Example 23 includes the subject matter of any of Examples 14-22, and wherein migrating the workload to the data storage sled comprises sending a request to the data storage sled to execute the I/O intensive phase of the workload.

Example 24 includes the subject matter of any of Examples 14-23, and wherein sending the request comprises sending executable code associated with the I/O intensive phase to the data storage sled.

Example 25 includes the subject matter of any of Examples 14-24, and wherein sending the request comprises sending input data from main memory of the compute sled to the data storage sled for use in execution of the I/O intensive phase.

Example 26 includes the subject matter of any of Examples 14-25, and further including reformatting, by the compute sled, the input data to a format usable by an I/O accelerator unit of the data storage sled.

Example 27 includes one or more machine-readable storage media comprising a plurality of instructions stored thereon that, in response to being executed, cause a compute sled to perform the method of any of Examples 14-26.

Example 28 includes a network device comprising one or more processors; one or more memory devices having stored therein a plurality of instructions that, when executed by the one or more processors, cause the network device to perform the method of any of Examples 14-26.

Example 29 includes a compute sled comprising means for performing the method of any of Examples 14-26.

Example 30 includes a compute sled comprising means for executing a workload that includes multiple phases, wherein each phase is indicative of a different resource utilization over a time period; means for identifying an I/O intensive phase of the workload wherein an amount of data to be communicated through a network path between the compute sled and the data storage sled to execute the I/O intensive phase satisfies a predefined threshold; and means for migrating the workload to the data storage sled to execute the I/O intensive phase locally on the data storage sled.

Example 31 includes the subject matter of Example 30, and further including means for sending memory map data to the data storage sled, wherein the memory map data is usable by the data storage sled to access main memory of the compute sled as local memory as the I/O intensive phase is executed on the data storage sled.

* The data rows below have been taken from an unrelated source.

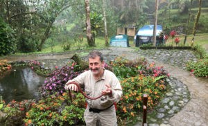I had the pleasure of being in an earthquake last year in Costa Rica. Well, I had to one up that, didn’t I? I was in not just one this time in Ecuador, but three. The first was 6.8 in the middle of the night and shook the bed really good. The guys next door actually fell out of bed. I could hear people screaming. The next day at noon another one hit at 7.2. I was inside this building shooting out the area that is right behind which has chairs to sit on and on the perfect level for photographing the hummingbirds perching outside. I actually thought that the kitchen staff right next to me was using a blender at first, as everything was shaking loudly. Next thing I knew, one of the staff came running out the kitchen screaming, “earthquake, get out”.  The things started falling off the counters and breaking in the kitchen about then. The whole building was rocking. When I got outside, I looked back and you could see the building swaying. There was a 7 year old grandchild of the owner there that was screaming with fear. It was pretty scary. The third was a mild 3.1 aftershock you barely could notice. It was quite the adventure! This is the building I was in(right behind the guys is where I was shooting out of). That is Charlie, Tom U, Steve, me and  Tom S right after the quake. It didn’t stop us from shooting for long. My tripod was still inside the building. There were actually 13 of us in all. This was at Mindo Loma.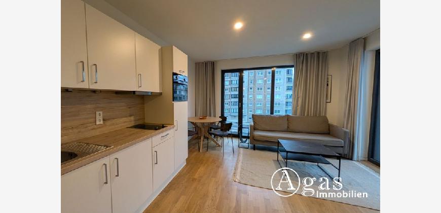 Geradeaus von der Wohnungstür öffnet sich der großzügige Wohnraum, in dem Bett, Einbauküche, Sofa sowie eine Sitzecke harmonisch integriert sind. Bodentiefe Fenster sorgen für eine helle Atmosphäre und bieten Zugang zum Balkon.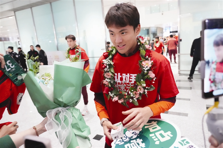 队员们身着印有“让对手忌惮未来”字样的定制T恤归来,袁永清等为队员戴上花环,全队在到达出口与球迷见面。人气最高的是在U23亚洲杯上奉献了超过33次扑救的守门员李昊,球迷不断呼唤他的名字,有小球迷用零花钱为李昊买了一束鲜花。李昊、拜合拉木等队员代表满足了所有球迷的签名需求。接受采访时李昊表示:“收获非常多,我们赢了非常多的对手才拿到第二,但决赛输了就是输了,也没有什么虽败犹荣,回去好好总结。”拜合拉木说出了大家最想听到的话:“以后的比赛拿个冠军回来!”
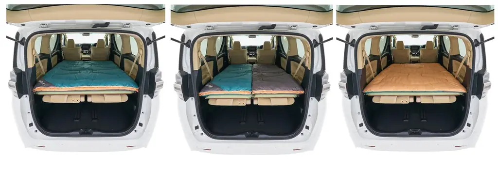 - 車中泊の基本配置:連結状態(ダブル)でミニバン室内に敷いて親子や複数の就寝スペースを確保。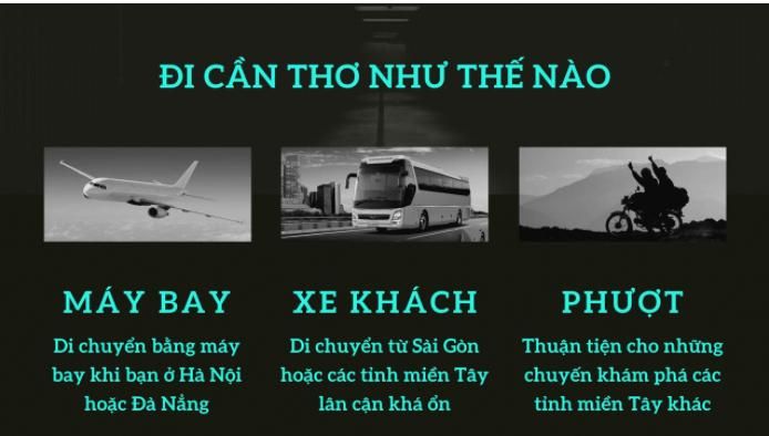To travel to Cần Thơ, you have several options including flying, taking a bus, or riding a motorcycle: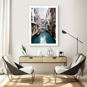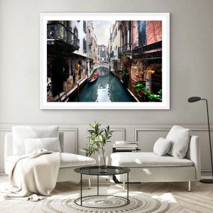 Plakat i hvid ramme - Venetiansk landskab med gondol og bro - 50x40 cm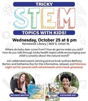 KENNEWICK, Wash.-Two authors are presenting an event for parents on how to address tricky topics for kids through STEM at the Kennewick Library on October 25 at 6:00 p.m.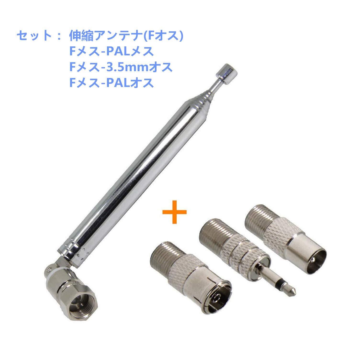 セット:Fタイプ伸縮アンテナ+3種変換プラグ(Fメス-3.5mmオス、Fメス-PALオス、Fメス-PALメス)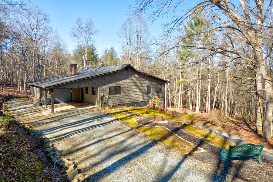 Nestled amidst the tranquil woodlands of Blue Ridge, Georgia, this captivating 2-bedroom, 2-bath vinyl shake style ranch home is a harmonious blend of rustic charm and modern living. The property, spread across a generous 5.4 +/- unrestricted acres, boasts a maintenance-free exterior that echoes the timeless allure of wood shakes, without the hassle of constant upkeep. As you step inside, you're greeted by a spacious open floor plan that unites the living, dining and kitchen areas into a seamless expanse, ideal for both cozy family nights and lively gatherings. Natural light filters through the windows, casting a warm glow across the newly remodeled bathrooms, adorned with chic fixtures and sleek finishes. A large master on the main level serves as your serene haven, offering views of the surrounding forest's peaceful embrace. The home's unique drive-thru garage, accompanied by an additional carport, provides ample space for vehicles and outdoor gear. For those who cherish hands-on creativity, the workshop area, equipped with a comforting wood stove, awaits your craft and imagination. The vast unfinished basement area offers a canvas of possibilities, ready to be transformed into your dream space. Outside, the property is a nature lover's paradise, featuring an array of fruit trees and raised garden beds.

Example 32 includes the subject matter of any of Examples 30 and 31, and further including means for determining whether the I/O intensive phase will occur within a predefined time period; and wherein the means for migrating comprises means for migrating, in response to a determination that the I/O intensive phase will occur within the predefined time period, the workload to the data storage sled.

Example 33 includes the subject matter of any of Examples 30-32, and further including means for identifying a pattern of phases over time as the workload is executed; and wherein the means for determining whether the I/O intensive phase will occur within a predefined time period comprises means for determining a likelihood, as a function of a present time and the identified pattern of phases, that the I/O intensive phase will occur within the predefined time period; means for determining whether the likelihood satisfies a predefined threshold likelihood; and means for determining, in response to a determination that the likelihood satisfies the predefined threshold likelihood, that the I/O intensive phase will occur within the predefined time period.

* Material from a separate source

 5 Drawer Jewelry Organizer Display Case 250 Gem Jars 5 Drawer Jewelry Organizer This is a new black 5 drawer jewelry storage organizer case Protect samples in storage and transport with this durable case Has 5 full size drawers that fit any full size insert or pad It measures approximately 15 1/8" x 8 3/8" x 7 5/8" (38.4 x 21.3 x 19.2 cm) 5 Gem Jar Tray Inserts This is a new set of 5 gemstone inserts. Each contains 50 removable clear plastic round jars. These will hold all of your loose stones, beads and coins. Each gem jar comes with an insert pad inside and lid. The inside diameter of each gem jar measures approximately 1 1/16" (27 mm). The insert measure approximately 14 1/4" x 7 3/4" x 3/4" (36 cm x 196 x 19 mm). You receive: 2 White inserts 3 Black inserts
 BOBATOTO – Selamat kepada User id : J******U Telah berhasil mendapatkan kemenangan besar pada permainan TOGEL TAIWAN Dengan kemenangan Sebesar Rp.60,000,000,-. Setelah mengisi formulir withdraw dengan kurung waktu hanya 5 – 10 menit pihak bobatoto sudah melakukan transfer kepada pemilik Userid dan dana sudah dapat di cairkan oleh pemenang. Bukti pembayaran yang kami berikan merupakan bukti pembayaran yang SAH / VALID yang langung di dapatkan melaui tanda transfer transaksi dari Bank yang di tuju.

Example 34 includes the subject matter of any of Examples 30-33, and further including means for determining whether the network path between the compute sled and the data storage sled satisfies a predefined level of congestion; and wherein the means for migrating further comprises means for migrating, in response to a determination that the network path satisfies the predefined level of congestion, the workload to the data storage sled.

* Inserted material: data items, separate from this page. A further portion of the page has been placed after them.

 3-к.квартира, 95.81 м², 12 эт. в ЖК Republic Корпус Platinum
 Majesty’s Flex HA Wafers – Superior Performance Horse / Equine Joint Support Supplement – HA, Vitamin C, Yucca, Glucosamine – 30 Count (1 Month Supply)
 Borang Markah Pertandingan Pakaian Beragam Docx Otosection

Example 35 includes the subject matter of any of Examples 30-34, and wherein the means for determining whether the network path between the compute sled and the data storage sled satisfies a predefined level of congestion comprises means for determining whether access of data on the data storage sled through the network path would reduce the execution speed of the I/O intensive phase.

Example 36 includes the subject matter of any of Examples 30-35, and wherein the means for identifying the I/O intensive phase comprises means for identifying the I/O intensive phase as a function of workload metadata that identifies executable code associated with the I/O intensive phase.

Example 37 includes the subject matter of any of Examples 30-36, and wherein the means for identifying the I/O intensive phase comprises means for identifying the I/O intensive phase with pattern recognition.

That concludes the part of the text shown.